## Task prompt
The reply should contain every line of the data, repeated exactly, and no pictures.

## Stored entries
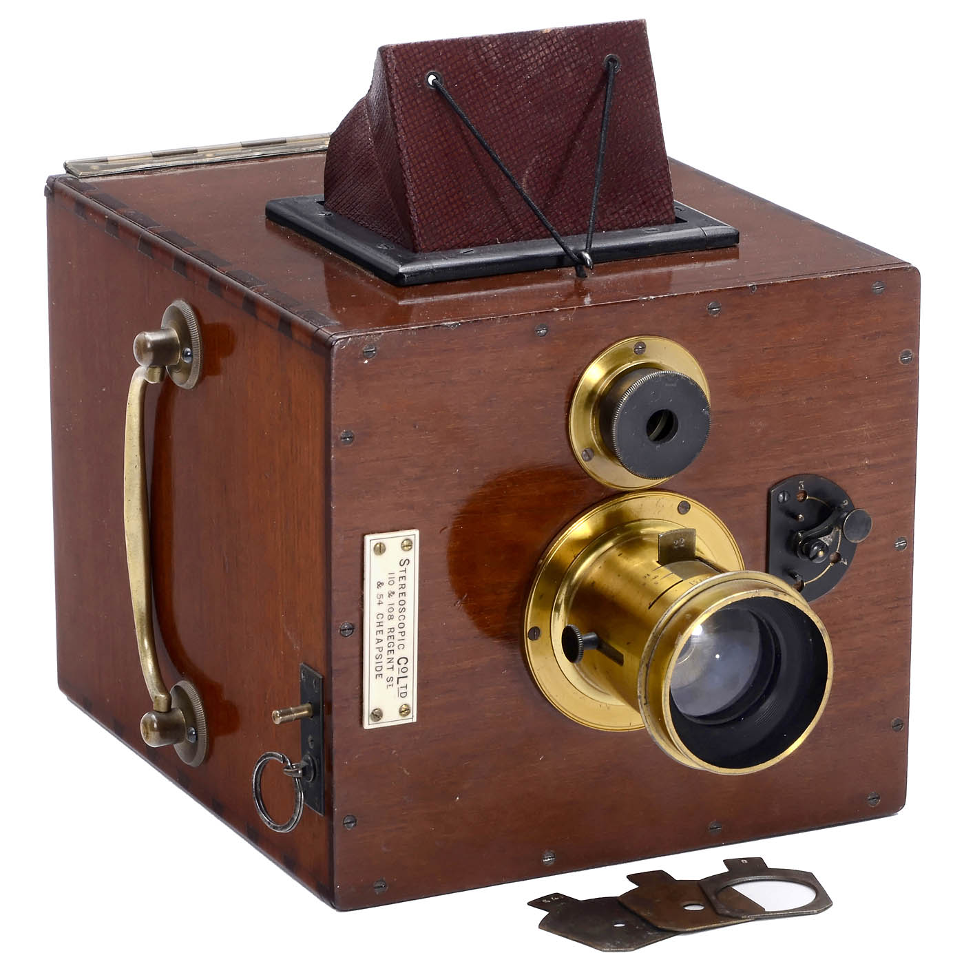 E. Français, Paris. Early twin-reflex camera, polished wood, inside marked "A337", rotary shutter with speed control knob 0, 1, 2 and 3 on front, lens in bayonet mount from E. Français, Paris, no. 17814, with 4 waterhouse stops, 8, 22, 44 and 64, focusable until approx. 3 m, engraved for 100, 15, 10 and 5 m. Reflex lens focusable, viewing screen approx. 48 x 42 mm. Internal storage space for the lens, the waterhouse stops and case and the 3 original double cassettes of 9 x 12. - A well-constructed camera, the dark slide must be pulled down from under the camera and not from above as usual, where the sun will shine into the slit! With dealer's plaque "Stereoscopic Co Ltd". Important collector's item and a real milestone! Sought-after classic camera in beautiful condition!
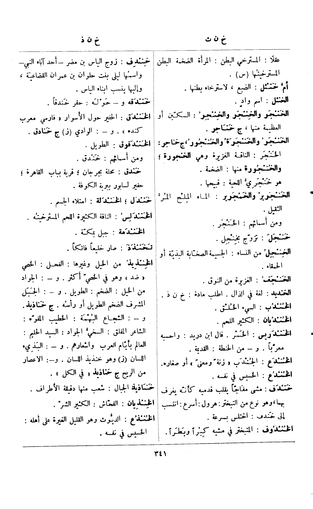 الخنذيذ من الخيل وغيرها: الفحل: الخصي "ضد" وهو في الخصي أكثر. و-: الجواد من الخيل: الضخم: الطويل: و-: الجبل المشرف الضخم الطويل أو رأسه. ج خناذيذ. و-: الشجاع البهمة: الخطيب المفوه: الشاعر المفلق: السخي الجواد: السيد الحليم: العالم بأيام العرب واشعارهم. و-: البذيء اللسان (ز) وهو خنذيذ اللسان. و-: الإعصار من الريح ج خناذيذ "في الكل".
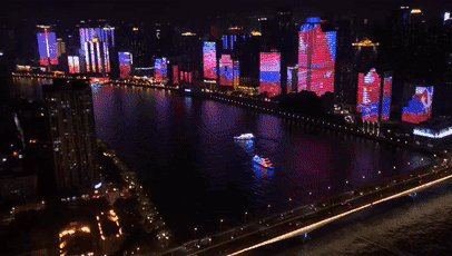 精彩的灯光秀又岂止在珠江新城一带,昨晚珠江两岸从西往东,就像一幅流动的画卷,沿江路上的24栋建筑外墙都挂上了五彩缤纷的LED灯光,图案从五星红旗到五羊雕像等多种变换,美不胜收。
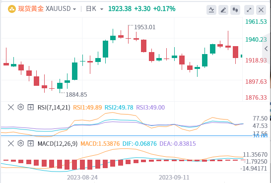 周五亚盘,黄金交投于1923.38附近。美联储周三表示在今年晚些时候可能再加息一次,这推动了美元和美债收益率的冲高,其影响已在全球市场中显现。除了对美国股指期货产生压力外,也推动了黄金价格在周四急剧下跌,并再度失守200日均线关键位置。
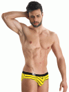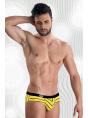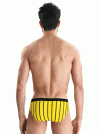 La collezione è molto ricca e carica di dettagli, con una modellistica completamente rinnovata adottata su tutti i modelli della collezione, improntata ad evidenziare i genitali maschili, grazie allo studio e alla realizzazione di una nuova patta, che permette di contenere interamente l’organo genitale maschile, grazie ad una lavorazione con un supporto elastico cucito che garantisce maggior compattezza e vestibilità che a colpo d’occhio fanno apparire il tutto più voluminoso, creando un effetto push-up senza alcuna imbottitura. il tessuto utilizzato per lo slip è una Microfibra tinta in filo di colore giallo con delle righe verticali nere, proprio grazie alla sua tintura in filo garantisce la resistenza dei colori. Un colore molto particolare adatto ad ogni occasione anche con una sfumatura sportiva, visto la sua traspirabilità. lo slip di colore giallo è bordato con un elastico nero in vita, l’etichetta eros veneziani è posta a lato Materiali: 67%PA 28%PL 5%EA
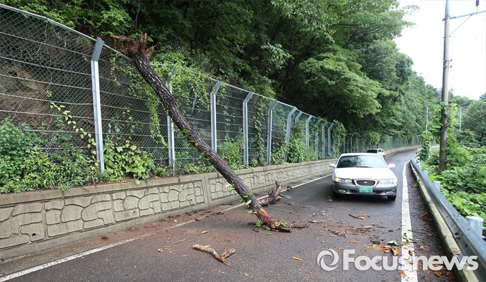 (옥천=포커스뉴스) 며칠간 이어진 중부지역 집중호우로 6일 오후 충북 옥천군 군복면 도로에 나무가 쓰려져 있다.
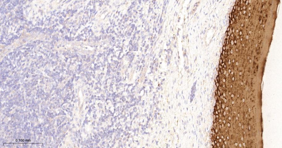 Paraformaldehyde-fixed, paraffin embedded Human Tonsil; Antigen retrieval by boiling in sodium citrate buffer (pH6.0) for 15 min; The section was incubated with Keratin 4 Monoclonal Antibody, Unconjugated (bsm-60219R) at 1:200 overnight at 4°C, followed by conjugation to the bs-0295G-HRP and DAB (C-0010) staining.
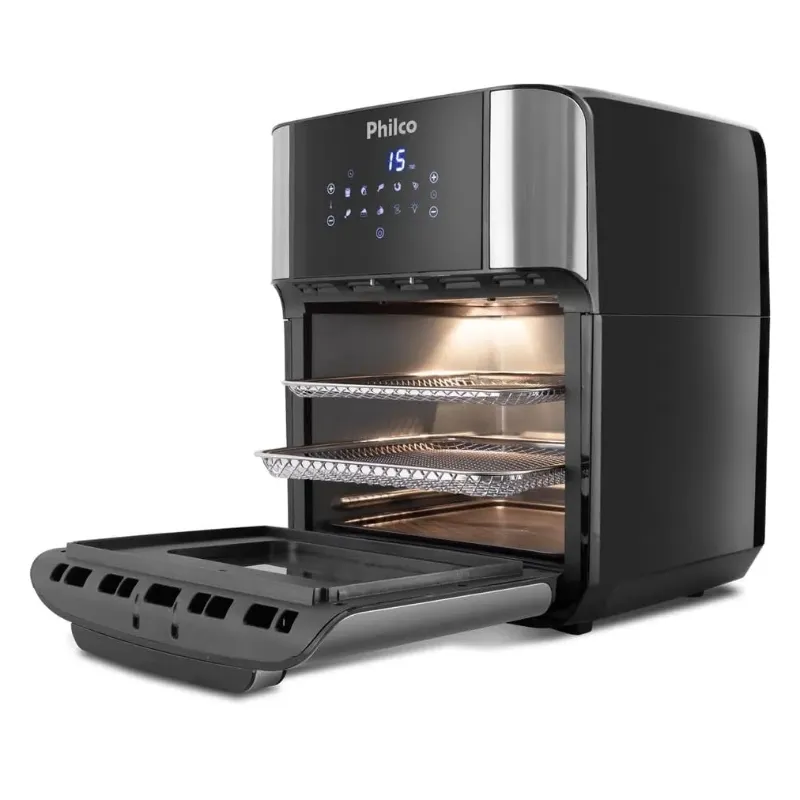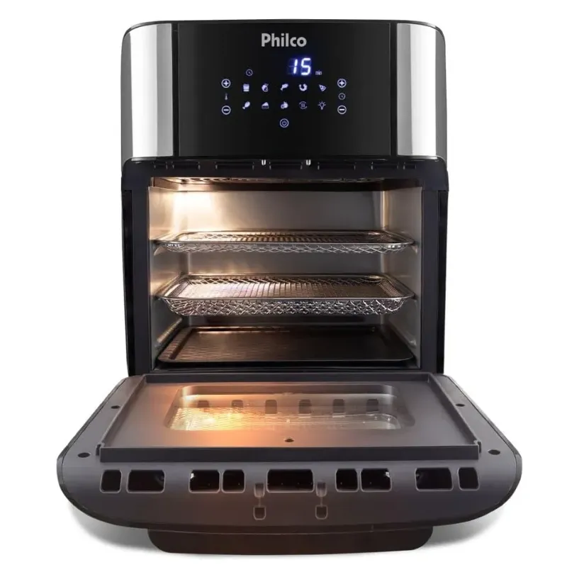 Tecnologia e praticidade em perfeito equilíbrioToda a agilidade e vantagens da tecnologia Air Fry aliadas à versatilidade do forno elétrico. A Fritadeira Air Fry Oven PFR2000P vai mudar completamente sua maneira de cozinhar. Ela frita sem óleo, assa com perfeição e abre infinitas possibilidades na cozinha! 2 em 1: A PFR2000P tem 1700W de potência e você pode utilizar como Air Fry ou Forno. A função Air Fry faz com que o ar quente envolva envolva os alimentos por completo, garantindo o cozimento perfeito e uma casquinha crocante por fora. O forno é indispensável na cozinha e abre infinitas possibilidades para suas receitas. Seus 11 litros de capacidade total, a tornam uma verdadeira gigante da sua categoria. Você tem espaço de sobra para preparar todos os tipos de delícias. Possui controle de temperatura de 80oC a 200oC e timer de até 60 minutos com alarme sonoro e desligamento automático. Acompanha 3 assadeiras de diferentes alturas e um coletor de gordura. Temporta é removível para facilitar a limpeza e os preparos e conta com uma lâmpada interna, ativada por um painel touch. Para sua segurança, é equipada com proteção contra superaquecimento.
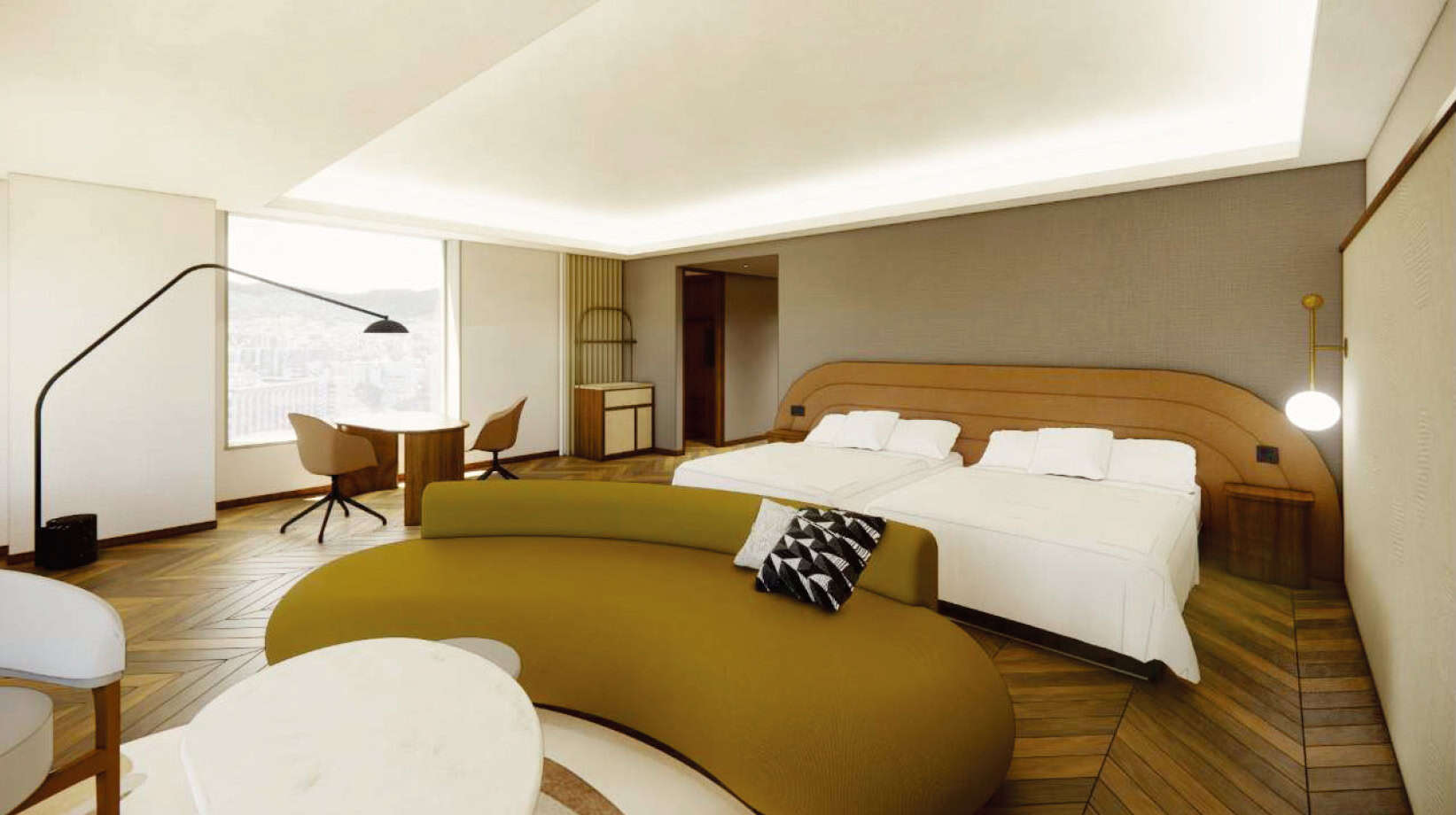 229间客房均为海景房。置身于充满海洋气息的室内设计中,穿过令人联想到洞穴的拱形走廊,便可欣赏随着时间推移而不断变幻的博多湾、玄界滩以及福冈市区的极佳景致。
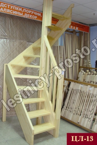 Компактная лестница из дерева. Удобный подъем засчет забежных ступеней и ограждений, которые входят в стандартную комплектацию. В стандартной комплектации столбы квадратные, балясины точёные. Элементы лестницы и ограждения поставляются в разобранном виде без какого-либо покрытия.

## Task output
 E. Français, Paris. Early twin-reflex camera, polished wood, inside marked "A337", rotary shutter with speed control knob 0, 1, 2 and 3 on front, lens in bayonet mount from E. Français, Paris, no. 17814, with 4 waterhouse stops, 8, 22, 44 and 64, focusable until approx. 3 m, engraved for 100, 15, 10 and 5 m. Reflex lens focusable, viewing screen approx. 48 x 42 mm. Internal storage space for the lens, the waterhouse stops and case and the 3 original double cassettes of 9 x 12. - A well-constructed camera, the dark slide must be pulled down from under the camera and not from above as usual, where the sun will shine into the slit! With dealer's plaque "Stereoscopic Co Ltd". Important collector's item and a real milestone! Sought-after classic camera in beautiful condition!
 الخنذيذ من الخيل وغيرها: الفحل: الخصي "ضد" وهو في الخصي أكثر. و-: الجواد من الخيل: الضخم: الطويل: و-: الجبل المشرف الضخم الطويل أو رأسه. ج خناذيذ. و-: الشجاع البهمة: الخطيب المفوه: الشاعر المفلق: السخي الجواد: السيد الحليم: العالم بأيام العرب واشعارهم. و-: البذيء اللسان (ز) وهو خنذيذ اللسان. و-: الإعصار من الريح ج خناذيذ "في الكل".
 精彩的灯光秀又岂止在珠江新城一带,昨晚珠江两岸从西往东,就像一幅流动的画卷,沿江路上的24栋建筑外墙都挂上了五彩缤纷的LED灯光,图案从五星红旗到五羊雕像等多种变换,美不胜收。
 周五亚盘,黄金交投于1923.38附近。美联储周三表示在今年晚些时候可能再加息一次,这推动了美元和美债收益率的冲高,其影响已在全球市场中显现。除了对美国股指期货产生压力外,也推动了黄金价格在周四急剧下跌,并再度失守200日均线关键位置。
 La collezione è molto ricca e carica di dettagli, con una modellistica completamente rinnovata adottata su tutti i modelli della collezione, improntata ad evidenziare i genitali maschili, grazie allo studio e alla realizzazione di una nuova patta, che permette di contenere interamente l’organo genitale maschile, grazie ad una lavorazione con un supporto elastico cucito che garantisce maggior compattezza e vestibilità che a colpo d’occhio fanno apparire il tutto più voluminoso, creando un effetto push-up senza alcuna imbottitura. il tessuto utilizzato per lo slip è una Microfibra tinta in filo di colore giallo con delle righe verticali nere, proprio grazie alla sua tintura in filo garantisce la resistenza dei colori. Un colore molto particolare adatto ad ogni occasione anche con una sfumatura sportiva, visto la sua traspirabilità. lo slip di colore giallo è bordato con un elastico nero in vita, l’etichetta eros veneziani è posta a lato Materiali: 67%PA 28%PL 5%EA
 (옥천=포커스뉴스) 며칠간 이어진 중부지역 집중호우로 6일 오후 충북 옥천군 군복면 도로에 나무가 쓰려져 있다.
 Paraformaldehyde-fixed, paraffin embedded Human Tonsil; Antigen retrieval by boiling in sodium citrate buffer (pH6.0) for 15 min; The section was incubated with Keratin 4 Monoclonal Antibody, Unconjugated (bsm-60219R) at 1:200 overnight at 4°C, followed by conjugation to the bs-0295G-HRP and DAB (C-0010) staining.
 Tecnologia e praticidade em perfeito equilíbrioToda a agilidade e vantagens da tecnologia Air Fry aliadas à versatilidade do forno elétrico. A Fritadeira Air Fry Oven PFR2000P vai mudar completamente sua maneira de cozinhar. Ela frita sem óleo, assa com perfeição e abre infinitas possibilidades na cozinha! 2 em 1: A PFR2000P tem 1700W de potência e você pode utilizar como Air Fry ou Forno. A função Air Fry faz com que o ar quente envolva envolva os alimentos por completo, garantindo o cozimento perfeito e uma casquinha crocante por fora. O forno é indispensável na cozinha e abre infinitas possibilidades para suas receitas. Seus 11 litros de capacidade total, a tornam uma verdadeira gigante da sua categoria. Você tem espaço de sobra para preparar todos os tipos de delícias. Possui controle de temperatura de 80oC a 200oC e timer de até 60 minutos com alarme sonoro e desligamento automático. Acompanha 3 assadeiras de diferentes alturas e um coletor de gordura. Temporta é removível para facilitar a limpeza e os preparos e conta com uma lâmpada interna, ativada por um painel touch. Para sua segurança, é equipada com proteção contra superaquecimento.
 229间客房均为海景房。置身于充满海洋气息的室内设计中,穿过令人联想到洞穴的拱形走廊,便可欣赏随着时间推移而不断变幻的博多湾、玄界滩以及福冈市区的极佳景致。
 Компактная лестница из дерева. Удобный подъем засчет забежных ступеней и ограждений, которые входят в стандартную комплектацию. В стандартной комплектации столбы квадратные, балясины точёные. Элементы лестницы и ограждения поставляются в разобранном виде без какого-либо покрытия.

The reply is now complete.